■ Your assignment ■
Print exactly the lines from the one that contains "12月6日,华体会体育官方网" through the final line of the entries below, both included, and nothing else; omit the pictures.

(Records from a data collection)
-- -- --
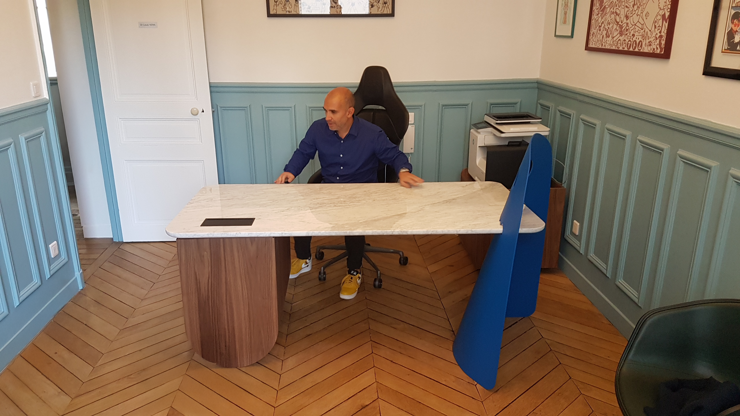 Nous avons été sollicités pour concevoir et fabriquer ce bureau sur-mesure, à la demande d’un client souhaitant un espace de travail qui sorte des sentiers battus. Une occasion pour nous d’allier notre savoir-faire à une touche ludique assumée, tout en conservant les codes d’un mobilier haut de gamme.
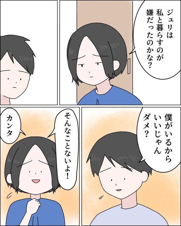 「ジュリは私と暮らすのが嫌だったのかな?落ち込む私に、「僕がいるからいいじゃん。ダメ?」と寂しそうに言うカンタ。私は「そんなことないよ!カンタ」と声をかけました。
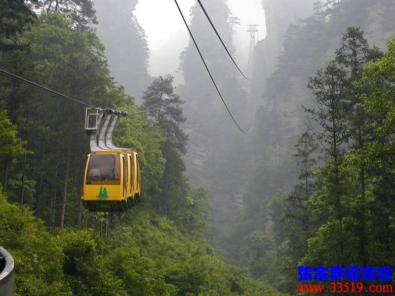 (索道站)現(xiàn)在,我們就要乘索道下山了。黃石寨(黃獅寨)索道是1995年5月至1997年9月臺(tái)灣證吉興業(yè)有限公司與張家界公園管理處合資興建的我市第一條觀光索道。索道線(xiàn)路水平距863,高差431米,運(yùn)行速度每秒8米,單向小時(shí)運(yùn)量948人,設(shè)備全部從法國(guó)波馬公司引進(jìn),總投資4000多萬(wàn)人民幣。黃石寨(黃獅寨)索道的建成,為公園開(kāi)辟了一條空中游覽線(xiàn),填補(bǔ)了張家界無(wú)觀光索道的空白。古詩(shī)說(shuō):會(huì)當(dāng)凌絕頂,一覽眾山小。乘索道觀張家界公園,別是一番感受。
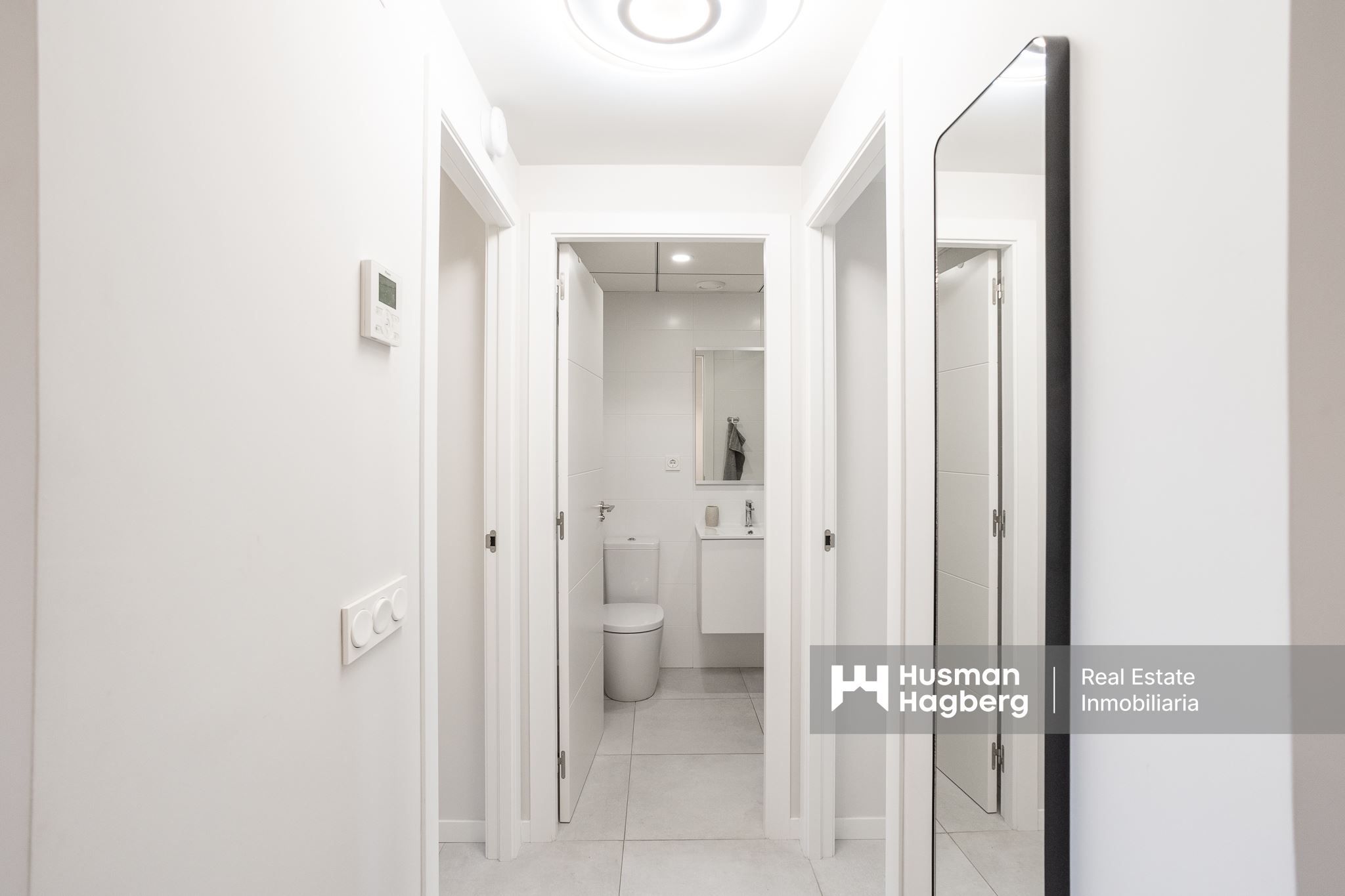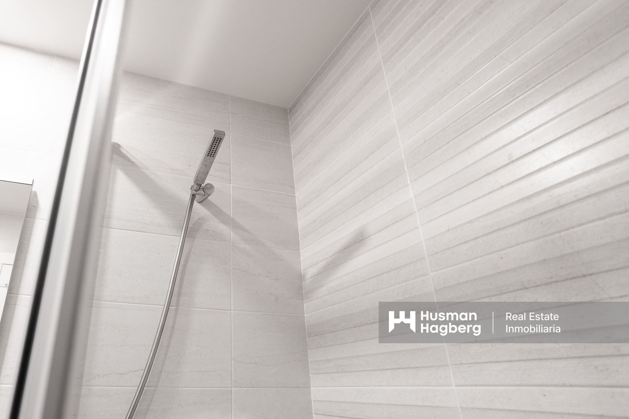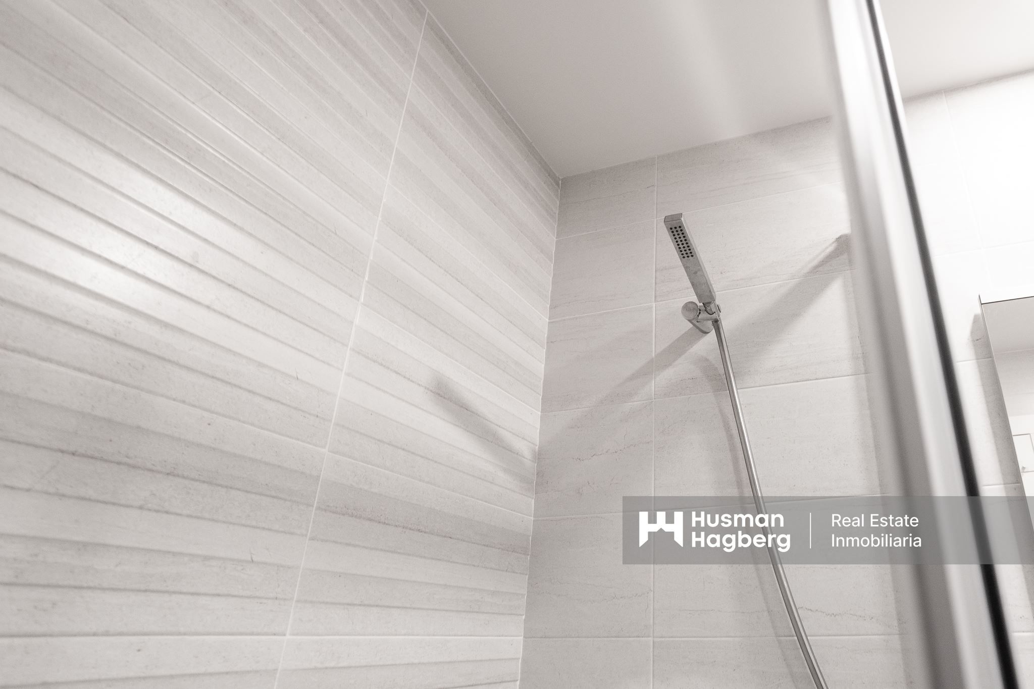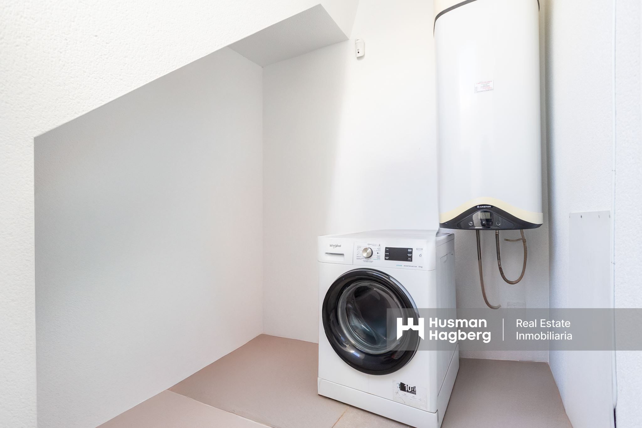 På den privata uteplatsen finner du även en smart placerad tvättmaskin, diskret integrerad för att frigöra yta inomhus och göra vardagen lite enklare. De två sovrummen är rogivande och genomtänkta i sin planering, med fina förvaringsmöjligheter och en lugn atmosfär. De två badrummen gör bostaden särskilt bekväm för både familjer, par och gäster.
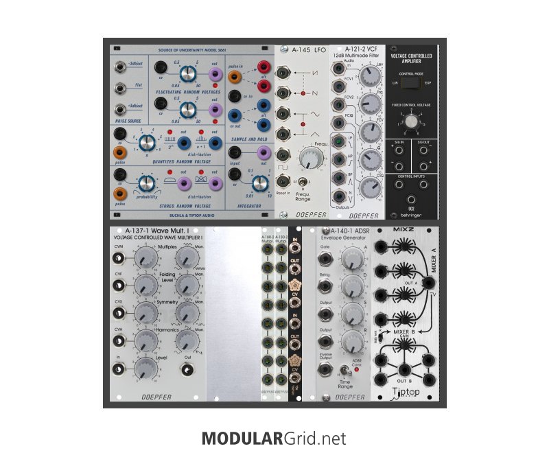 Power Consumption: 344 mA +12V | 259 mA -12V | 0 mA 5V | Depth: 65 mm | Price: $1,094 | Number of Modules: 12 | Data Sheet Achtung This Rack contains modules with incomplete power consumption specs: none
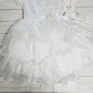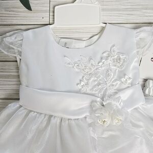 Keywords: white dress, baby dress, toddler dress, flower girl dress, christening dress, special occasion dress, party dress, infant dress, headband, floral dress, KID Collection, wedding dress, formal dress, girls dress
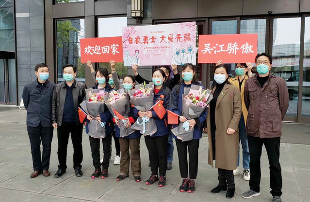 昨天,王雅萍、张婷婷等四名吴江首批援湖北医护人员也结束了集中休养,统一返回吴江。区卫健委领导和亚洲色吧 的院领导前往了集中休养点接勇士们回家。
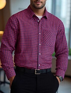 Per uomo Camicia Camicia elegante Camicia con Bottoni Plaid Matrimonio Quotidiano Rosso Blu Manica Lunga Collo ripiegato Primavera Autunno Abbigliamento Tasca Frontale
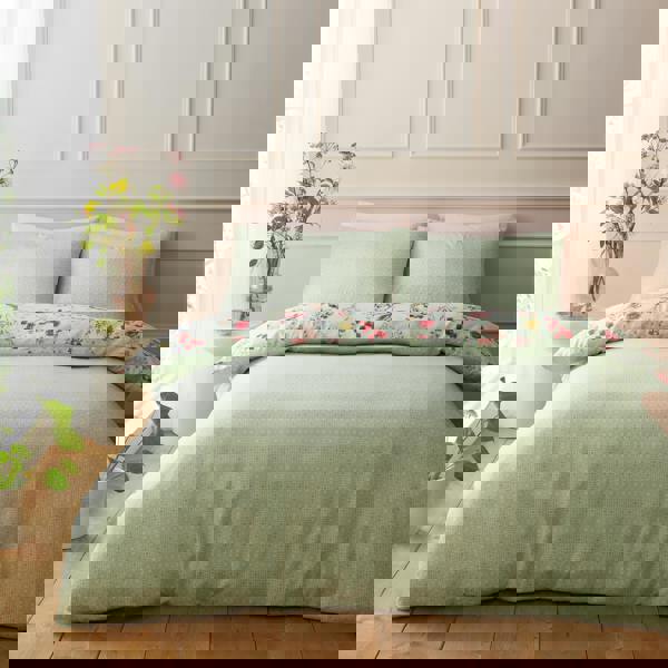 Celebrate the beauty of nature with this elegant floral bedding set, inspired by the charm of a traditional garden in full flourish. Set against a soft green ground, the design features a harmonious scatter of finely illustrated blooms intertwined with leafy sprigs and fluttering butterflies. Perched gracefully among the florals, delicate songbirds add a uplifting touch capturing the serenity of the outdoors. Digitally printed on luxuriously soft brushed microfibre, this design captures every detail with striking clarity, offering both comfort and sophistication.
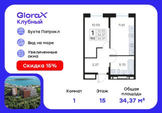 Продается 1-комн. квартира на 15-м этаже в квартале GloraX Клубный. GloraX Клубный - уникальный видовой проект с выделяющейся архитектурой в развитом районе Владивостока. Общая площадь лота составляет 34,37 кв. м, из которых 10,93 кв. м отведено под жилую и 11,61 кв. м под кухонную зону. Номер квартиры - 193.
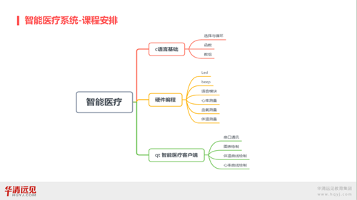 智能醫療實訓課程主要分三個部分:C語言基礎、硬件編程、Qt智能醫療客戶端。同學們通過C語言基礎的鞏固,可以對選擇與循環、函數和數組有更加深刻的認識,通過對硬件編程的了解,首次接觸到硬件相關編程,對具體模塊的組合和制作有初步了解,通過Qt的學習,可以對智能醫療項目的整體構造和細節部分有一定程度了解。
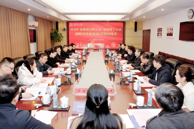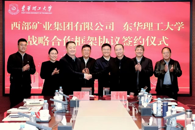 12月6日,华体会体育官方网站与西部矿业集团有限公司战略合作框架协议签约仪式在南昌广兰校园举行。西部矿业集团有限公司党委书记、董事长张永利,副总裁梁彦波、副总工程师刘远,华体会体育官方网站党委书记张福庆,党委副书记、校长罗仙平,党委常委、副校长杨波、夏菲出席。仪式由罗仙平主持。
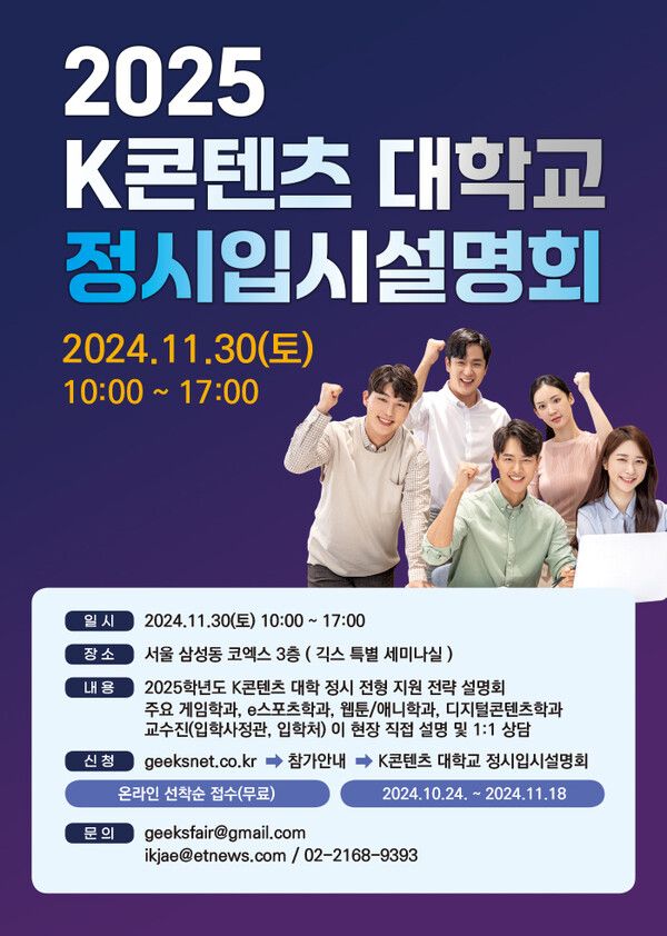 올해 긱스(GEEKS) 2024부터는 게임, e스포츠, 웹툰, 애니메이션, 미디어콘텐츠 학과 진학에 관심있는 수험생 및 학부모들을 위해 ‘2025 K콘텐츠 대학교 정시입시 설명회’를 마련한다. 긱스(GEEKS)2024에 전시에 출품하는 각 대학 게임,e스포츠,웹툰,디지털콘텐츠학과 현직 교수진과 입학처에서 각 대학별 정시전형 요강 및 지원전략을 소개하므로, 실질적인 정시 입시 지원에 도움될 전망이다.
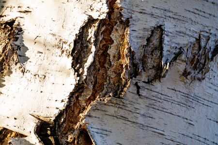 Abstract background with cracked birch bark against the background of sunlight. Birch bark close-up
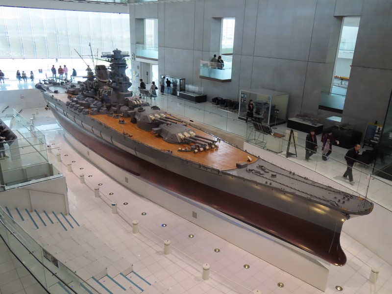 展示室を出て、巨大な大和を見ながら隣の部屋へ。ここは大型資料展示室で、零戦や魚雷などの実物を見ることでより戦争の悲惨さを実感することができる。こういう展示を見ると、科学技術の進歩はすばらしいがどのように使うかでその結果は大きく変わることを感じる。このエリアはスロープで上がっていくことで、上から見ることもできる。隣の戦艦大和も見下ろすことができ、1/10でこの大きさって、あの時代に本当にすごいものを作ったものだ。
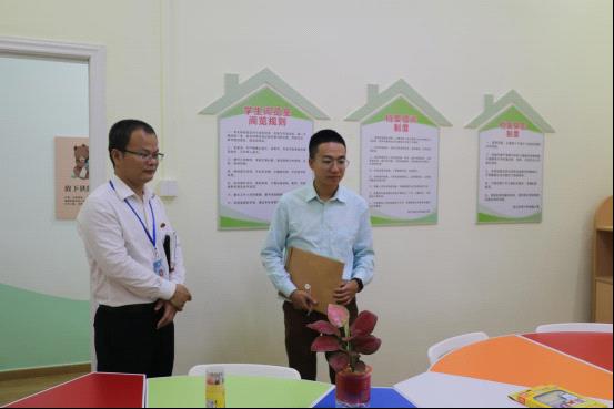区洁如组长饶有兴趣地聆听了李少强校长关于“幸福地创造智雅”的办学理念与“幸福小窝”心理辅导室的文化建设心得。
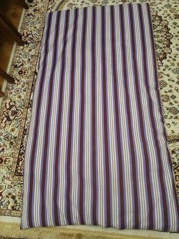 Qonaq döşəyi / yataq döşəyi - Ölçü: təxminən iki nəfərlik (şaquli yerləşdirildikdə eni geniş, yerdə sərilən tip). - Material: qalın, yumşaq içlikli döşək; üzlük parça zolaqlı və naxışlı (tünd qırm...
-- -- --
■ Task answer ■
 12月6日,华体会体育官方网站与西部矿业集团有限公司战略合作框架协议签约仪式在南昌广兰校园举行。西部矿业集团有限公司党委书记、董事长张永利,副总裁梁彦波、副总工程师刘远,华体会体育官方网站党委书记张福庆,党委副书记、校长罗仙平,党委常委、副校长杨波、夏菲出席。仪式由罗仙平主持。
 올해 긱스(GEEKS) 2024부터는 게임, e스포츠, 웹툰, 애니메이션, 미디어콘텐츠 학과 진학에 관심있는 수험생 및 학부모들을 위해 ‘2025 K콘텐츠 대학교 정시입시 설명회’를 마련한다. 긱스(GEEKS)2024에 전시에 출품하는 각 대학 게임,e스포츠,웹툰,디지털콘텐츠학과 현직 교수진과 입학처에서 각 대학별 정시전형 요강 및 지원전략을 소개하므로, 실질적인 정시 입시 지원에 도움될 전망이다.
 Abstract background with cracked birch bark against the background of sunlight. Birch bark close-up
 展示室を出て、巨大な大和を見ながら隣の部屋へ。ここは大型資料展示室で、零戦や魚雷などの実物を見ることでより戦争の悲惨さを実感することができる。こういう展示を見ると、科学技術の進歩はすばらしいがどのように使うかでその結果は大きく変わることを感じる。このエリアはスロープで上がっていくことで、上から見ることもできる。隣の戦艦大和も見下ろすことができ、1/10でこの大きさって、あの時代に本当にすごいものを作ったものだ。
区洁如组长饶有兴趣地聆听了李少强校长关于“幸福地创造智雅”的办学理念与“幸福小窝”心理辅导室的文化建设心得。
 Qonaq döşəyi / yataq döşəyi - Ölçü: təxminən iki nəfərlik (şaquli yerləşdirildikdə eni geniş, yerdə sərilən tip). - Material: qalın, yumşaq içlikli döşək; üzlük parça zolaqlı və naxışlı (tünd qırm...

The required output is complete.